The leap is actually a large one: from constant "pat-and-chat" engagement on the lawns in a social sport, to solitary play alternating with equally solitary out-player rest on the sidelines.
Martin French, former long-time Secretary-General of the World Croquet Federation, has trained himself to have a very long view of the prospects of the sport and hesitates to deliver forecasts himself or to credit the dire critiques of long-time devoted players of Association Croquet fearful of its demise. "The judgement of existing croquet players on the relative merits or dangers of these games doesn't mattter. We have to allow new players of these game variants to show us what works for them. We'll see whether and how many trickle through into Association Croquet."
Give all the human preferences and propensities corresponding to the different styles of croquet, deliberately embracing several games on the same lawns and with the same equipment just might be the correct recipe for the sport's long-term survival.

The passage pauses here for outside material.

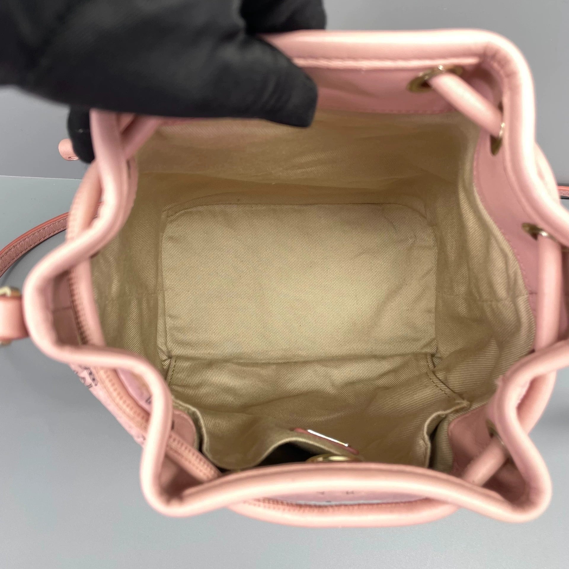 All hardware is crafted from polished gold-tone metal, including the eyelets for the drawstring, the strap buckles, and the protective feet on the base. The hardware is in excellent condition, retaining its luster.
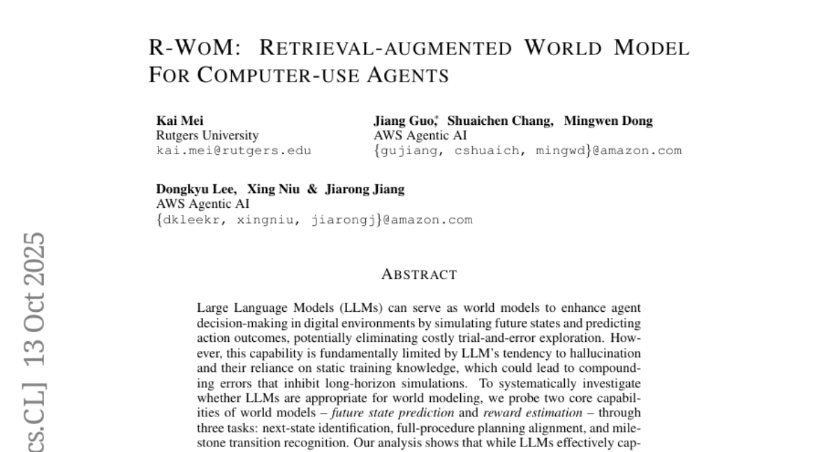 A:R-WoM(检索增强世界模型)是由罗格斯大学和AWS团队开发的新型AI系统,它能让人工智能在执行计算机操作前先"想象"可能的结果,同时查阅最新的操作手册和教程来确保预测的准确性,就像给AI装上了一个会查资料的"想象力引擎"。

George Enochs, Jim Nicholls, John Curington, Nancy Avera, Jon Diamond and Bob Alman carried on an intense month-long review of these rules and their revision through a vigorous exchange of viewpoints with an overriding commitment to both clarity and brevity. All of it was done with a joint determination to limit ourselves to "everyday English" understood not just on both sides of the Atlantic, but in gardens, back yards, public parks, and everywhere any form of "croquet" is played.